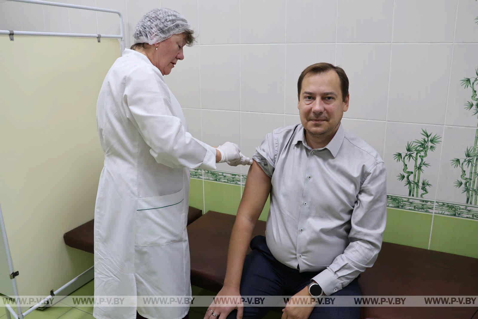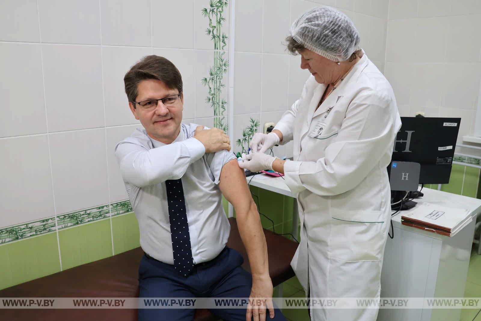 Главный врач центральной поликлиники Игорь Киктенко и главный государственный санитарный врач г. Пинска и Пинского района Борис Кухарчук сделали прививки против гриппа вакциной российского производства «Гриппол плюс».
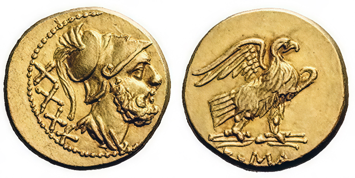 Aureus de 40 as (XXXX), émis temporairement en 211 av.JC durant la seconde guerre punique - ANTIQVA
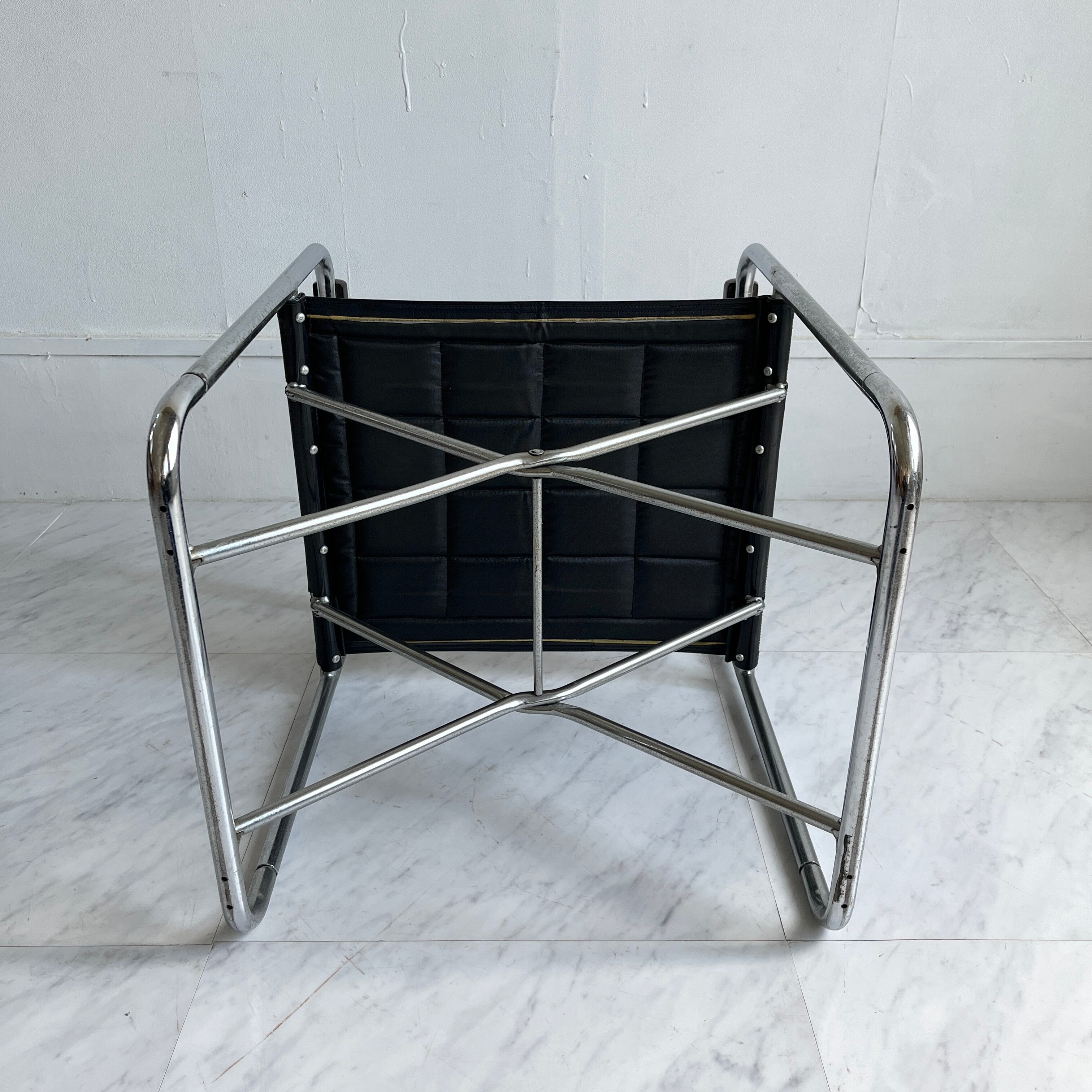 ヴィンテージの黒いビニルレザーのディレクターズチェアです。こちらにタグは付いていませんが、別のチェアには「UCHIDA SHARIYO Co. エックスチェア」とあります。

################

▸ **Exercise aim**
Please set down the lines above word for word and leave out the pictures.

▸ **Solution for this problem**
 Главный врач центральной поликлиники Игорь Киктенко и главный государственный санитарный врач г. Пинска и Пинского района Борис Кухарчук сделали прививки против гриппа вакциной российского производства «Гриппол плюс».
 Aureus de 40 as (XXXX), émis temporairement en 211 av.JC durant la seconde guerre punique - ANTIQVA
 ヴィンテージの黒いビニルレザーのディレクターズチェアです。こちらにタグは付いていませんが、別のチェアには「UCHIDA SHARIYO Co. エックスチェア」とあります。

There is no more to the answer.